▸ Task data:

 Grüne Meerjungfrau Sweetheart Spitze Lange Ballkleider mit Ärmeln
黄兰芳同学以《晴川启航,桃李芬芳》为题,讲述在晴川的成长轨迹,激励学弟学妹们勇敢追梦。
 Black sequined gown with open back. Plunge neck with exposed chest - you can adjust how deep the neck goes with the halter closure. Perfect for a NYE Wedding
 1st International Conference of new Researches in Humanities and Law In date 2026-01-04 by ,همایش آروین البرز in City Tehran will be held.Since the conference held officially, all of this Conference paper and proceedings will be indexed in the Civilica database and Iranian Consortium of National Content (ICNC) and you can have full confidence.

--

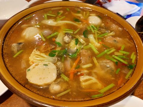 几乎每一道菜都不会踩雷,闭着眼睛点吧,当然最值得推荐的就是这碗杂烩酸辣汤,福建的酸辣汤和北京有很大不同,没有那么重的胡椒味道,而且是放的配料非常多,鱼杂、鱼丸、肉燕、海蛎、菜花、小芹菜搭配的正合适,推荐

▸ Work required:
Can you repeat, word for word, every line above from the one containing "黄兰芳同学以《晴川启航,桃李" down to the one containing "1st International Conference", including both?

▸ Result below:
黄兰芳同学以《晴川启航,桃李芬芳》为题,讲述在晴川的成长轨迹,激励学弟学妹们勇敢追梦。
 Black sequined gown with open back. Plunge neck with exposed chest - you can adjust how deep the neck goes with the halter closure. Perfect for a NYE Wedding
 1st International Conference of new Researches in Humanities and Law In date 2026-01-04 by ,همایش آروین البرز in City Tehran will be held.Since the conference held officially, all of this Conference paper and proceedings will be indexed in the Civilica database and Iranian Consortium of National Content (ICNC) and you can have full confidence.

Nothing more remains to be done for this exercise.